# [Records]

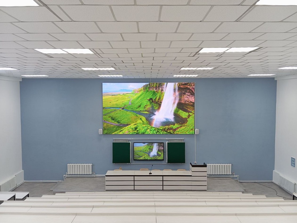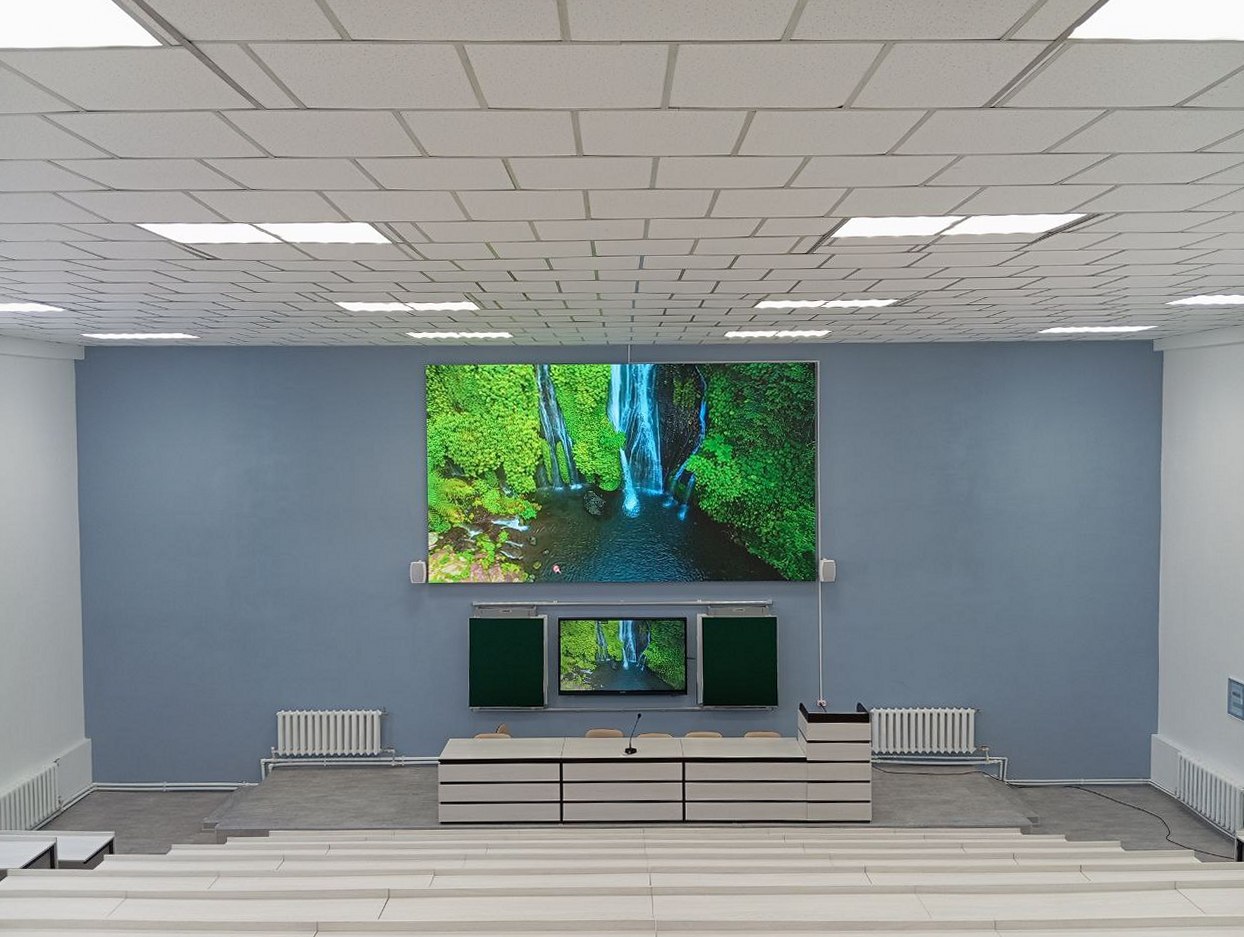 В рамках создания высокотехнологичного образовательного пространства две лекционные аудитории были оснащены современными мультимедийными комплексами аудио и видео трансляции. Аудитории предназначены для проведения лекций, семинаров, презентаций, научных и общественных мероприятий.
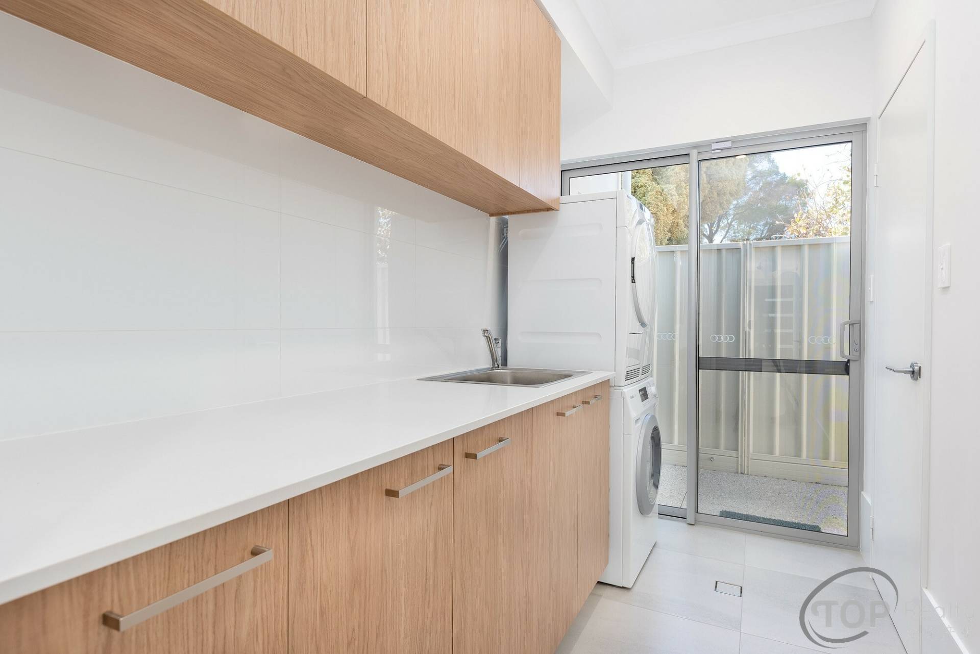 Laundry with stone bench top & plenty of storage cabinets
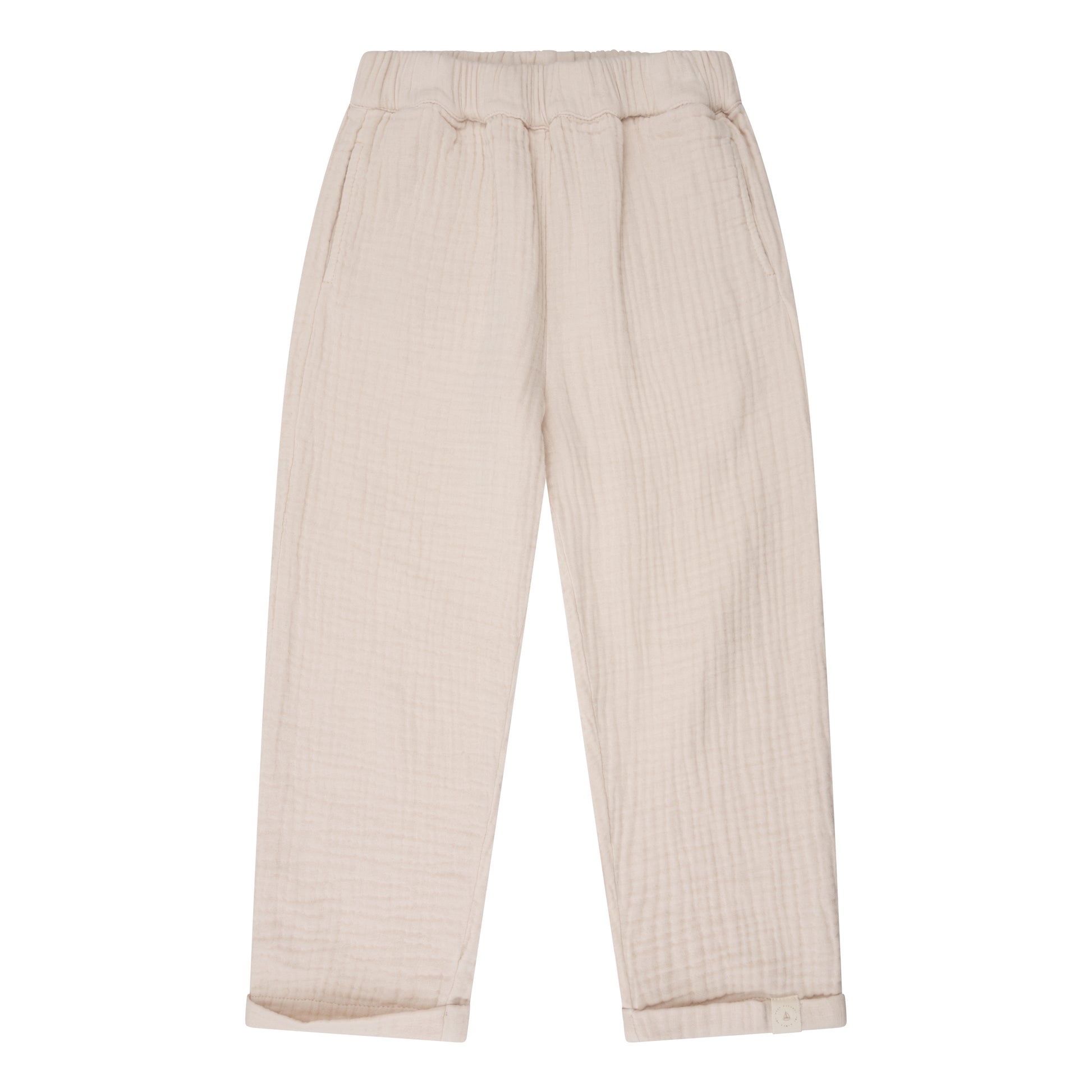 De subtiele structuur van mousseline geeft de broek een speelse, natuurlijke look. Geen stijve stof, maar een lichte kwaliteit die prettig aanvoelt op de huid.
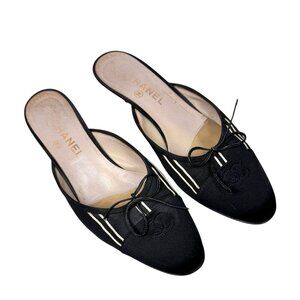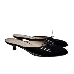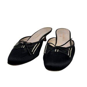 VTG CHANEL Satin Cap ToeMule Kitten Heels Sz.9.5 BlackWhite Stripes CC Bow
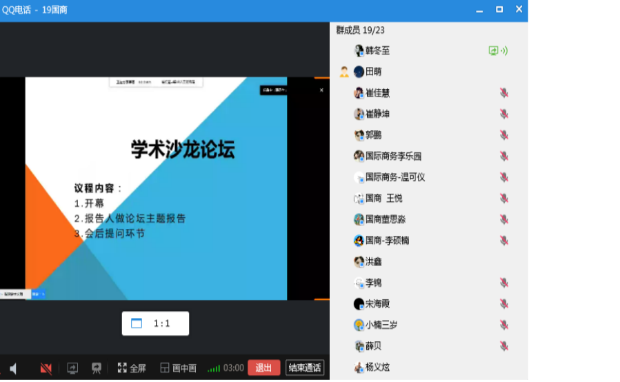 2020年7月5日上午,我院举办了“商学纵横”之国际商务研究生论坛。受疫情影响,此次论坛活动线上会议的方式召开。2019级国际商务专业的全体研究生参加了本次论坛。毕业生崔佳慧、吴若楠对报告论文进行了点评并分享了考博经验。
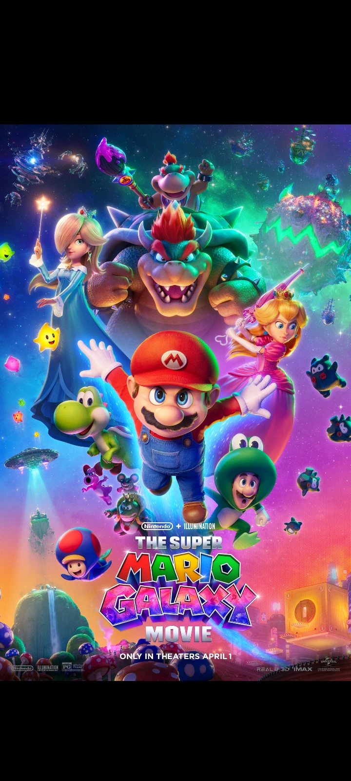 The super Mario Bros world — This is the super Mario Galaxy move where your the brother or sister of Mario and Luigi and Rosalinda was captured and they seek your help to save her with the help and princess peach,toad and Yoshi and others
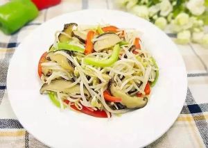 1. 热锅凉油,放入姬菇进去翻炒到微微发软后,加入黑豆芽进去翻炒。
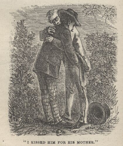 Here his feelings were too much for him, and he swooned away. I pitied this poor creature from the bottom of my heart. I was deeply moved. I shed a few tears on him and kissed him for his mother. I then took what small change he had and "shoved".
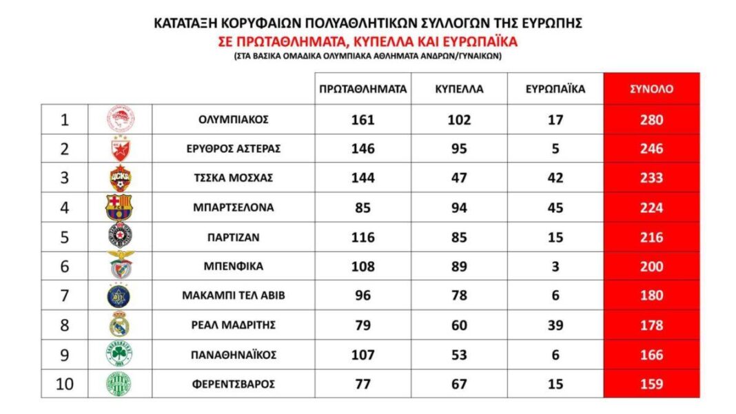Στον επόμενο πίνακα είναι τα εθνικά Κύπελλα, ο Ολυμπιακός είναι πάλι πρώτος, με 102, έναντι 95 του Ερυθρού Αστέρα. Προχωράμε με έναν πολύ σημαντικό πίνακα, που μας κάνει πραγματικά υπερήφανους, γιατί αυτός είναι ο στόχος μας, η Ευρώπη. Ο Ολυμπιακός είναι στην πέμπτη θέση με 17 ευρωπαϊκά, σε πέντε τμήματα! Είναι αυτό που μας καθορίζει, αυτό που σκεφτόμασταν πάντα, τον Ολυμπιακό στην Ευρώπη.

# [Required action]
In your answer, set down the full listing word for word and include no pictures.

# [Exercise response]
 В рамках создания высокотехнологичного образовательного пространства две лекционные аудитории были оснащены современными мультимедийными комплексами аудио и видео трансляции. Аудитории предназначены для проведения лекций, семинаров, презентаций, научных и общественных мероприятий.
 Laundry with stone bench top & plenty of storage cabinets
 De subtiele structuur van mousseline geeft de broek een speelse, natuurlijke look. Geen stijve stof, maar een lichte kwaliteit die prettig aanvoelt op de huid.
 VTG CHANEL Satin Cap ToeMule Kitten Heels Sz.9.5 BlackWhite Stripes CC Bow
 2020年7月5日上午,我院举办了“商学纵横”之国际商务研究生论坛。受疫情影响,此次论坛活动线上会议的方式召开。2019级国际商务专业的全体研究生参加了本次论坛。毕业生崔佳慧、吴若楠对报告论文进行了点评并分享了考博经验。
 The super Mario Bros world — This is the super Mario Galaxy move where your the brother or sister of Mario and Luigi and Rosalinda was captured and they seek your help to save her with the help and princess peach,toad and Yoshi and others
 1. 热锅凉油,放入姬菇进去翻炒到微微发软后,加入黑豆芽进去翻炒。
 Here his feelings were too much for him, and he swooned away. I pitied this poor creature from the bottom of my heart. I was deeply moved. I shed a few tears on him and kissed him for his mother. I then took what small change he had and "shoved".
Στον επόμενο πίνακα είναι τα εθνικά Κύπελλα, ο Ολυμπιακός είναι πάλι πρώτος, με 102, έναντι 95 του Ερυθρού Αστέρα. Προχωράμε με έναν πολύ σημαντικό πίνακα, που μας κάνει πραγματικά υπερήφανους, γιατί αυτός είναι ο στόχος μας, η Ευρώπη. Ο Ολυμπιακός είναι στην πέμπτη θέση με 17 ευρωπαϊκά, σε πέντε τμήματα! Είναι αυτό που μας καθορίζει, αυτό που σκεφτόμασταν πάντα, τον Ολυμπιακό στην Ευρώπη.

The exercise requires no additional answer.